Using larval dragonflies as biosentinels, I have collected a wide range of species in the Black River Watershed of Wisconsin.  In particular, the larvae in the clubtail family (Gomphidae) and spiketail family (Cordulegastridae) burrow into sandy substrates, which is also just below the water-sediment interface where anaerobic sulfur-reducing bacteria convert inorganic Hg into organic MeHg.  Because of their habitat, large body size and relatively sedentary behavior, they are the biosentinel to use for detection of methylmercury.  These mercury concentrations can then be extrapolated for game fish that eat these critters to inform us of the levels we may be consuming in local fish.

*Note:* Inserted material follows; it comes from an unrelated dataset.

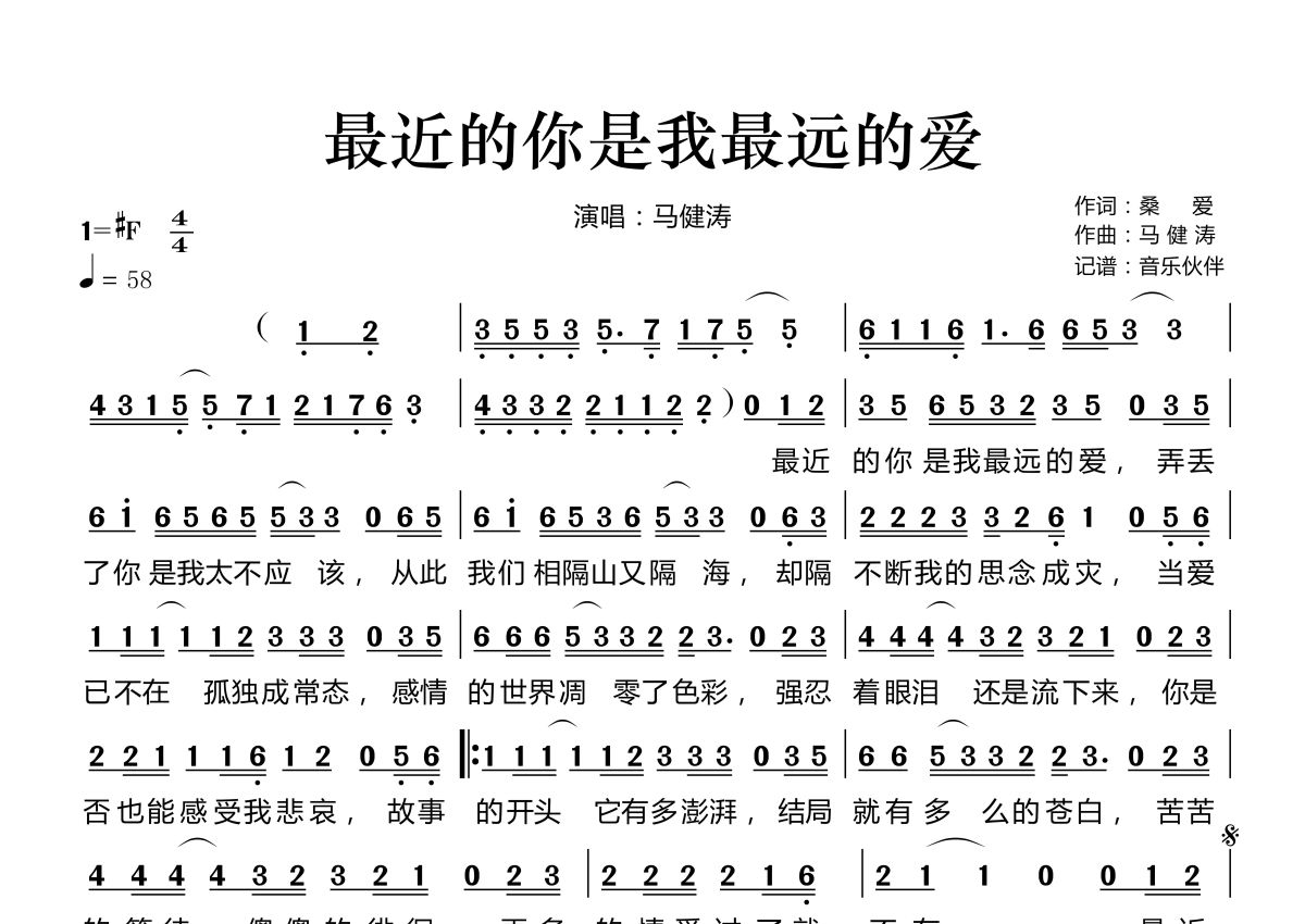 《最近的你是我最远的爱》是马健涛演唱的一首歌曲,拍号为4/4拍,歌曲速度为每分钟58拍,这份简谱共有一张高清图谱,图谱由 @音乐伙伴 编配上传。

In the Black River watershed there is a clear gradient in Hg levels from higher concentrations in the northern peat-lands to lower concentrations in the southeastern trout streams. For the Green-Striped Darner species, Aeshna verticalis, for example, the average Hg concentration in the north was 276 ng/g dry weight.  In lakes, when dragonflies contain these levels of Hg it correlates with predatory fish having Hg levels that exceed EPA limits.  The dominance of peatland in the northern region of the Black River watershed may explain why the larval Green Striped Darners possess higher Hg concentrations than similar larvae found in the southern part of the watershed. These northern peat-lands are also providing water downstream of the Black River and thus potentially transporting this MeHg (Branfireun 1999).

It is important to understand how mercury gets into our beloved water ecosystems and to have knowledge of areas that could be hot spots for methylation of mercury for human, organism, and environmental health.  Being able to identify these hot spots, resource managers can then better advise the fishing public through fish consumption advisories.